[CentOS] Re: centos] 4.4 upgrade problems

Wed Sep 6 02:35:53 UTC 2006
R P Herrold <herrold at owlriver.com>

On Tue, 5 Sep 2006, Lamar Owen wrote:

> I would consider http://bugs.centos.org/view.php?id=1483 to not be minor.

Hi, Lamar -- as it is my bug, a bit of context for those who 
have not read it is in order.  -- smile -- In the seven hours 
it took me to run down the cause, I assure you, I did not 
consider it minor either.  Thus my early and formal report and 
commentary for others to find.

I would note that Johnny and I, and Seth at the end, worked on 
this both in the main #centos IRC channel, and out of channel, 
to run down hypotheses for me to test.  Thanks guys.
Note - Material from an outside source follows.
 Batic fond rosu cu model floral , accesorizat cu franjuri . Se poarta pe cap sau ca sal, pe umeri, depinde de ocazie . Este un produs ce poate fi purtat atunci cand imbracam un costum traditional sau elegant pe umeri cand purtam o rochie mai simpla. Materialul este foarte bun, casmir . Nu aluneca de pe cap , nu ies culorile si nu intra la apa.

>  I looked over Red Hat's Bugzilla and didn't, in the few 
> minutes I skimmed, see the same issue in upstream.  It could 
> be related to yum's means of doing the package update versus 
> up2date's method; on a production DNS box I had the problem 
> mentioned in this bug, but on a machine that wasn't the 
> production name server I didn't.

No surprise that yum/sqlite issues do not affect the 
upstream, as their approach on the updater varies.
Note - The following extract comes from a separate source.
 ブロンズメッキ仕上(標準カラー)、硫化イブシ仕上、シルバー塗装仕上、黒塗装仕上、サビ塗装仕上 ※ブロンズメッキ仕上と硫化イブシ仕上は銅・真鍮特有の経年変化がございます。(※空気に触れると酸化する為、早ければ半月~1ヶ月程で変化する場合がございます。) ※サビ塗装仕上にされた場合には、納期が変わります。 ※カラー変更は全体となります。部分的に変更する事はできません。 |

This bug hinges, very much, on the non-atomic nature of 'hot' 
system updates, and the fact that the yum-needed, 
sqlite-maintinaed cache of pacakges got munged half way 
through, to reproduce.

It is 'luck of the draw' as there are no relevant Requires in 
play, in the transaction sort as to whether the bind-libs and 
bind update fall on the same side of the update failure -- so 
long as they are NOT on differing sides, there is no problem; 
When they varied, not surprisingly, bind gets confused.  ;0

> I reproduced the issue using the proper yum sequence, 
> updating python-sqlite, then sqlite, the updating yum, then 
> doing a clean all, and had the problem.

and, in my post-analysis, it looks like there a pretty strong 
liklihood that this approach is great for over 90% of the 
boxes out there.  Boxes with 'tight' partitioning, or packages 
held back (exclude=) from updates are a bit more likely to 
need two or more passes, and so expose themselves more 
frequently to the sequencing risk, where any failure needs 
manual intervention, to recover from.

-- Russ Herrold